What is being asked:
Nothing but the lines from the one containing "Giấy Phép Kinh" through the end of the data below should appear in the answer, each exact and free of pictures.

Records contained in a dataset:
..........

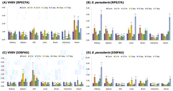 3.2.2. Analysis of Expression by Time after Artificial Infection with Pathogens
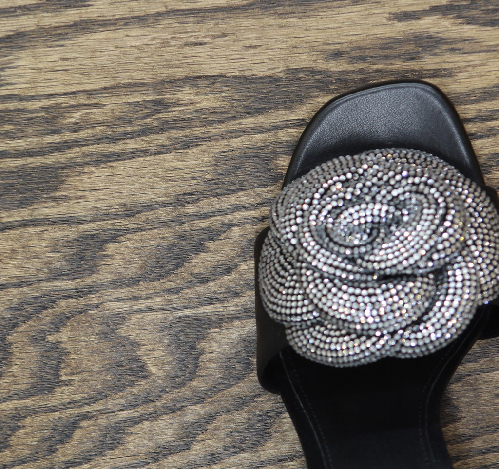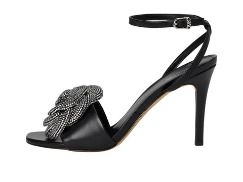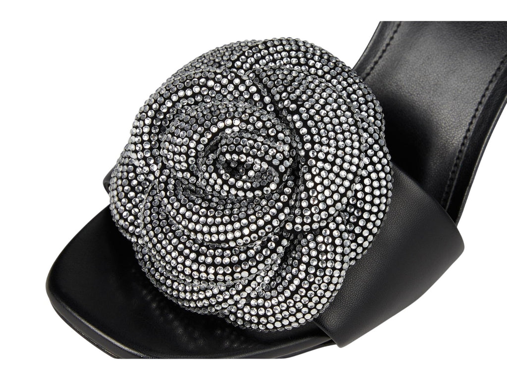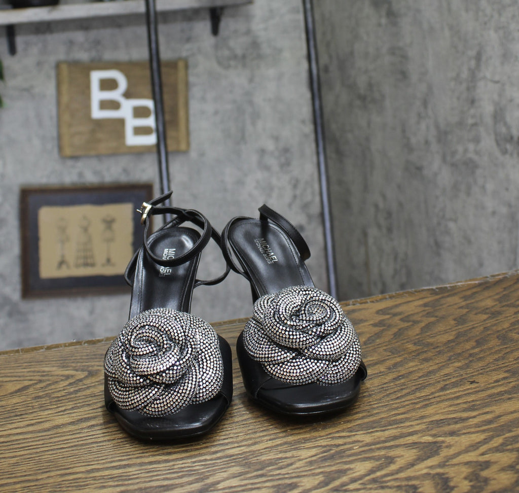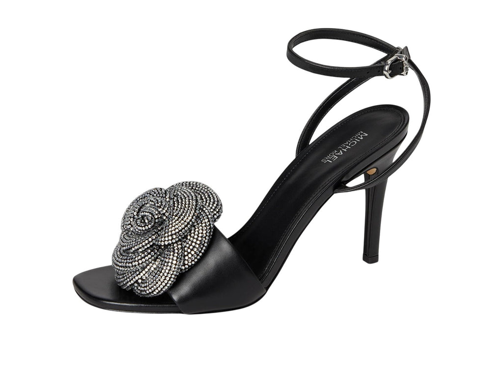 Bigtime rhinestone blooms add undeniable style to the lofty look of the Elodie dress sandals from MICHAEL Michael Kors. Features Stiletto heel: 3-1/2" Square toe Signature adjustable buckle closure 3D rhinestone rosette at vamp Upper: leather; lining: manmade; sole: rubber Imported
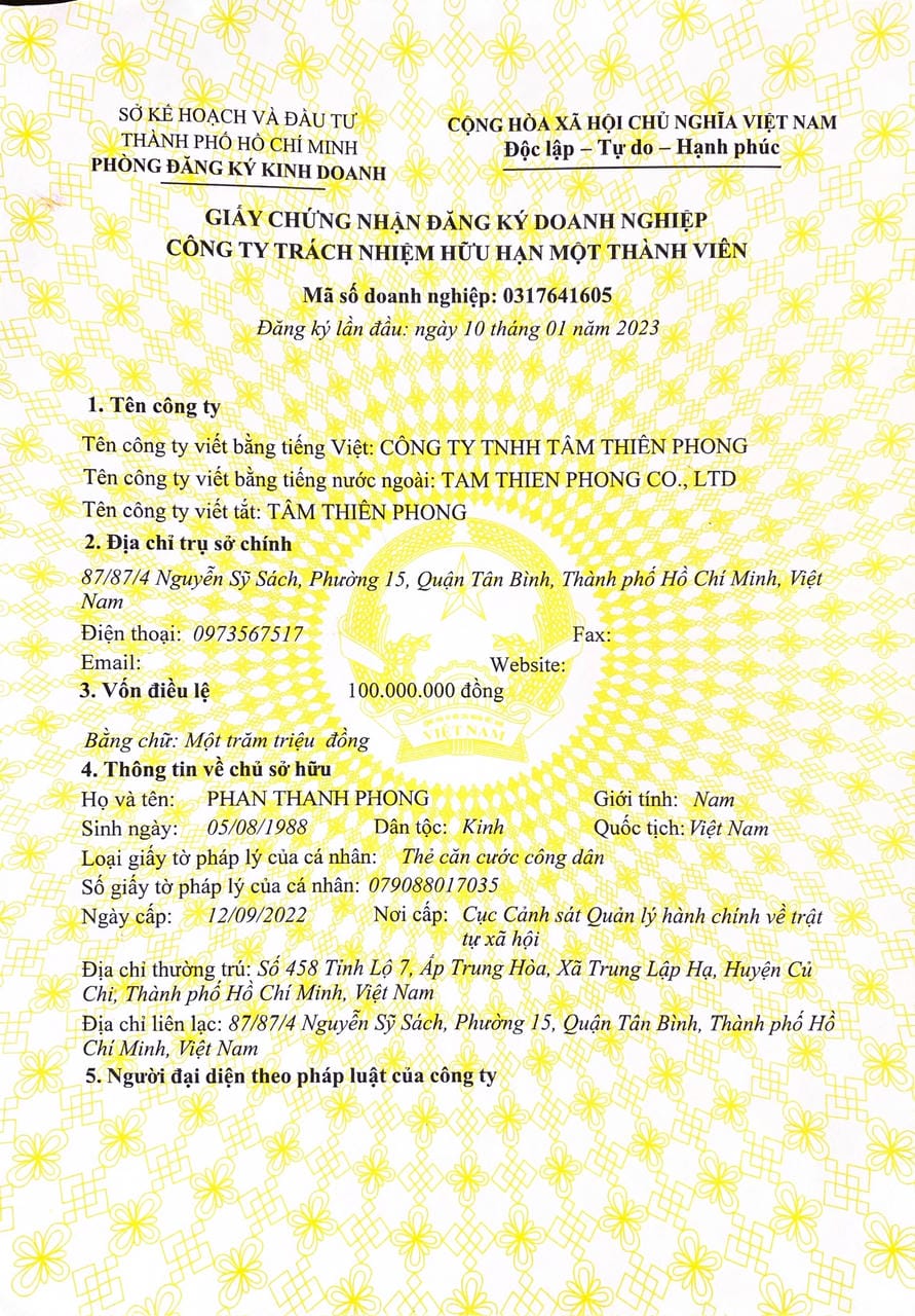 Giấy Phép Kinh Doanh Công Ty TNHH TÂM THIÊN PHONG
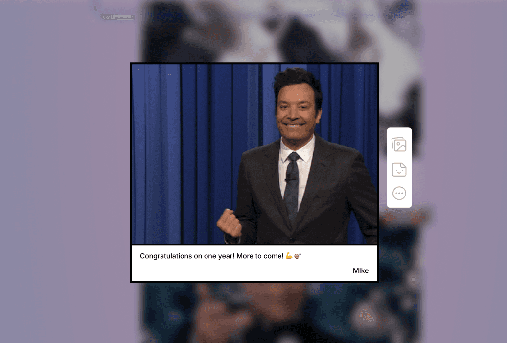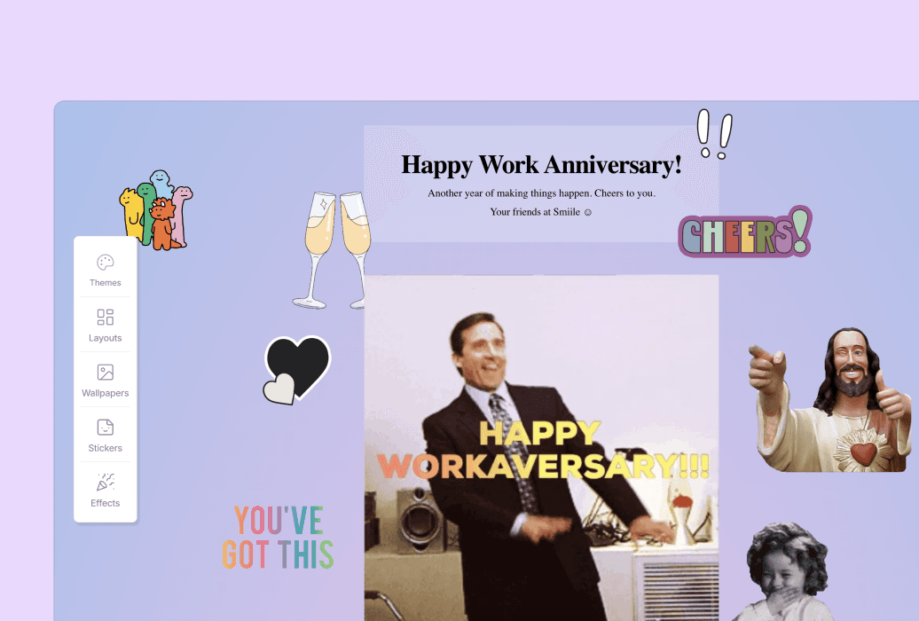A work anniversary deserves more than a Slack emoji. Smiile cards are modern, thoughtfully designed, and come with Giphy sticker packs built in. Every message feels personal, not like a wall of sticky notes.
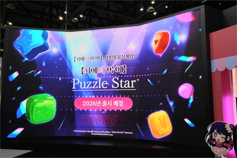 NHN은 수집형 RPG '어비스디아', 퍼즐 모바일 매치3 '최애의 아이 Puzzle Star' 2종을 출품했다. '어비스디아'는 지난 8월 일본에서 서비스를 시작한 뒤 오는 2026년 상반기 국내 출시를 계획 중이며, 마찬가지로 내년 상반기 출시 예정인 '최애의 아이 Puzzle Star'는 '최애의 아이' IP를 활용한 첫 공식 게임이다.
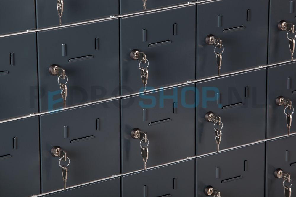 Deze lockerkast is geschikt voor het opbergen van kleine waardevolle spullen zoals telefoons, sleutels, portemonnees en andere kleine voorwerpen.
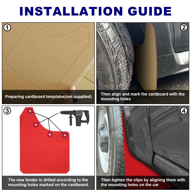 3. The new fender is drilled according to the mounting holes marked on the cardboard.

..........

Output for this task:
 Giấy Phép Kinh Doanh Công Ty TNHH TÂM THIÊN PHONG
A work anniversary deserves more than a Slack emoji. Smiile cards are modern, thoughtfully designed, and come with Giphy sticker packs built in. Every message feels personal, not like a wall of sticky notes.
 NHN은 수집형 RPG '어비스디아', 퍼즐 모바일 매치3 '최애의 아이 Puzzle Star' 2종을 출품했다. '어비스디아'는 지난 8월 일본에서 서비스를 시작한 뒤 오는 2026년 상반기 국내 출시를 계획 중이며, 마찬가지로 내년 상반기 출시 예정인 '최애의 아이 Puzzle Star'는 '최애의 아이' IP를 활용한 첫 공식 게임이다.
 Deze lockerkast is geschikt voor het opbergen van kleine waardevolle spullen zoals telefoons, sleutels, portemonnees en andere kleine voorwerpen.
 3. The new fender is drilled according to the mounting holes marked on the cardboard.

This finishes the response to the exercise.